With the federal gasoline tax, which has not seen an increase since 1994, serving as the primary funding mechanism for surface transportation funding, the prospect of raising it to generate additional revenue was raised in the final report issued by President Obama’s bipartisan commission charged with reducing the national deficit. The commission proposed to gradually increase the gasoline tax by $0.15 to fund transportation spending beginning in 2013.
And the commission’s draft report noted that raising the gasoline tax, which has been at 18.4 cents for gasoline and 23.4 cents for diesel and has not been increased since 1993, would “dedicate funds toward fully funding the transportation trust fund and therefore eliminating the need for further general fund bailouts.”
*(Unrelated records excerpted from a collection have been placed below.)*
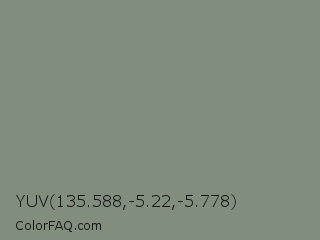 YUV 135.588,-5.22,-5.778 Color is a normal green color and the nearest color is Dolphin Gray #828e84. Hex code #818d7d and RGB value is rgb(129,141,125). In RGB color space, this color is composed of 51% red, 55% green, 49% blue, In CMYK color space, this color is composed of 9% cyan, 0% magenta, 11% yellow , 45% black , In HSL color space, this color has a hue angle of 105° , 7% saturation and 52% lightness.
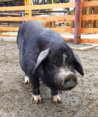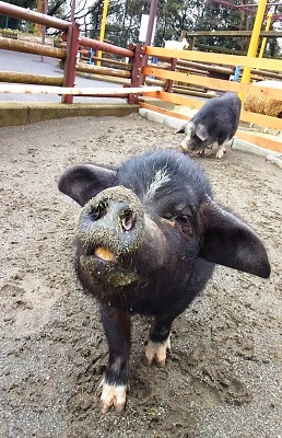 ミニブタたちには、ちょっと小さくて1頭でもぎゅうぎゅうでした。
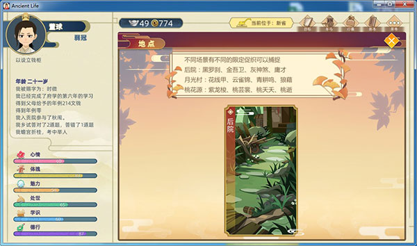 在古代人生电脑版中,玩家可以去武馆强身健体,可以备齐弓箭外出射猎,也可以抓好蛐蛐与友人斗蛐蛐,日常娱乐方式多样。
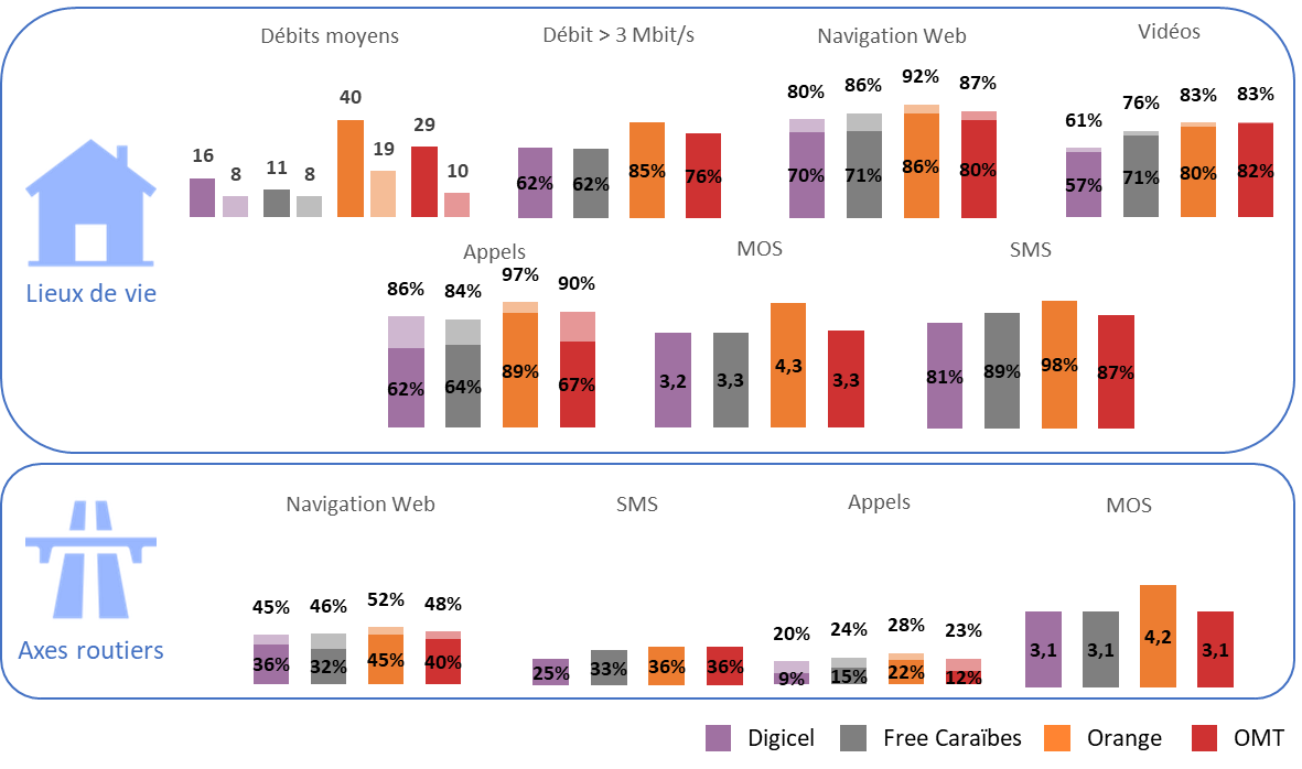 - À Saint-Martin, Free Caraïbe présente de bonnes performances sur les usages d’internet et se classe deuxième. Dauphin Telecom se place troisième derrière Free Caraïbe pour les vidéos visionnées en qualité parfaite. UTS se classe deuxième pour les indicateurs de communications réussies dans les lieux de vie et la navigation web sur les axes routiers..
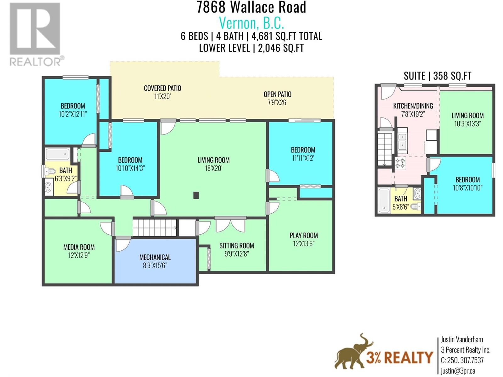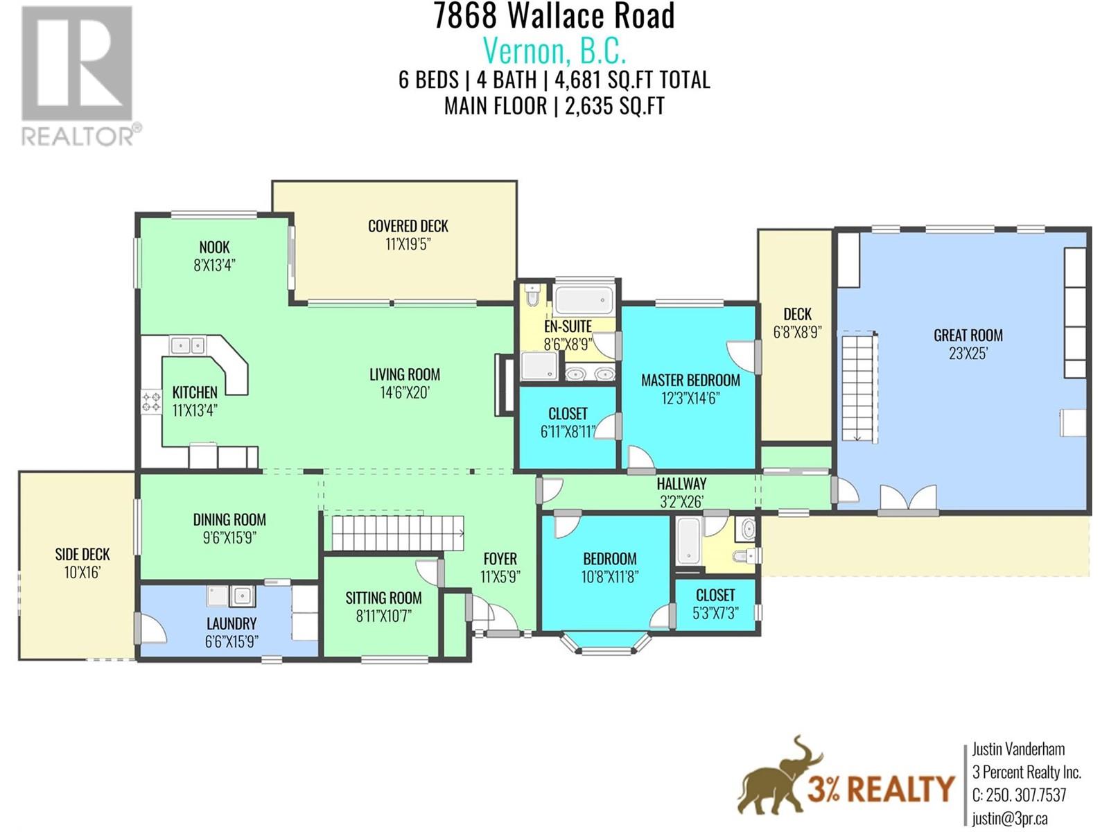 Nestled on 6.14 acres, 7868 Wallace Road is your amazing opportunity to own beauty in this expansive 7-bedroom, 4-bath home. Just like some private retreat it is just 15 minutes to Silverstar Ski Resort and 10 minutes to Village Green Mall. The main 4681 sq/ft home has been extensively renovated, with a new foundation (2012) and fully updated interior. The main floor features a chef’s kitchen with custom cabinetry, a cozy wood insert (zero clearance) fireplace, and stunning views of the backyard and Kalamalka Lake. Upstairs, the master suite includes a 5-piece ensuite, large walk-in closet, and clear lake views. The home offers 3 bedrooms up and 4 down, plus a large recreation room and a custom kids’ playroom with tree fort. High-end mechanical systems include radiant floor heating, a natural gas furnace, and a boiler for hot water. A high-end septic system handles all living units. For extra income or family space, the isolated 1-bedroom suite (358 sq/ft) with a separate entrance rent. Above the suite is a 23’ x 25’ room, perfect for a studio, bike/ATV storage, or other ideas. BONUS! A cozy, clean 552 sq/ft cottage/cabin with TnG walls, loft deck. The property offers a stunning backyard with kids fort & with winding wooded trails. With 2 lane ways and the perfect gentle slope, you could build a stunning multi door garage with a drive through design and maybe walkout area for toys and tools. This home is move-in ready and offers endless potential! Welcome Home!! (id:6770)
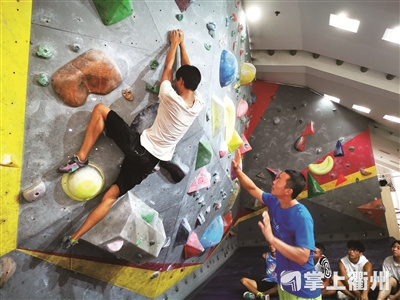 “现在是暑假,每天只需要指导校攀岩队训练,以及给衢州市攀岩队上课。”王俊舰告诉记者,平时他还要上学校的体育攀岩选修课、休闲体育专业的攀岩专业课以及校攀岩社团的社团课,有时还会兼上一些篮球、足球等其他类型的体育课。
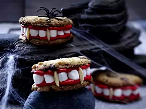 Coat the top of one cookie half with icing. Apply a thick layer of the glaze right up to the edge. For the teeth, place the marshmallows close together on the glaze. Spread the other half of the cookie on the underside with the icing as well and place it on the marshmallows.
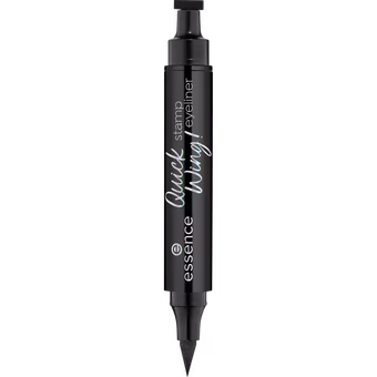 Thanks to the essence Quick Wing! stamp eyeliner 01 black, you can easily apply long-lasting symmetrical and sharp wings to your eye. With that, the eyeliner is perfectly suited for makeup beginners as well as experts. The stamp side creates flawless wings next to your eyes, while the precise felt tip of the eyeliner makes it easy to connect the wing with your eye and draw an eyeline on your entire lid.

But raising the tax has long been labeled by lawmakers on both side of the aisle as a “non-starter,” especially now, given the focus on fiscal austerity in light of the recent mid-term elections.
While these continuing resolutions are a step in the right direction, it is clear that it is not an ideal situation, according to Leslie Blakey, executive director of the Coalition for America’s Gateways and Trade Corridors.
“On one hand, it is a good thing to have the work picked back up, but it is only for [a certain amount of time] and does not give us much security in the sense to look ahead, feel confident and get a platform to keep our transportation moving,” said Blakey, in a recent interview. “We need a better foundation than one month at a time and need to get a real bill passed, which is fully-funded and addresses its financing issues.”
For freight and goods movement, Blakey said that a new bill needs a dedicated freight fund as multi-modal, long-term projects take a long time to complete. And construction interruptions for these projects are costly and problematic, due to the complex nature of these projects-with a stop and start approach being detrimental to the country’s economic competitiveness and ability to move forward and keep commerce moving.
The need for a new surface transportation authorization was echoed by Senator Barbara Boxer (D-Calif.). In a Senate Committee on Environment and Public Works hearing on “The Importance of Transportation Investments to the National Economy and Jobs,” earlier this year. Boxer noted that infrastructure investments enhance business productivity by reducing disruptions that waste money, time, and fuel and undermine the country’s competitiveness.
“The next highway, transit and highway safety authorization provides an opportunity to take a fresh look at these programs and make the changes necessary to ensure our transportation system will meet America’s needs in the coming years,” said Boxer. “At the end of the day it’s a matter of setting the right priorities and crafting innovative and effective means to address them.”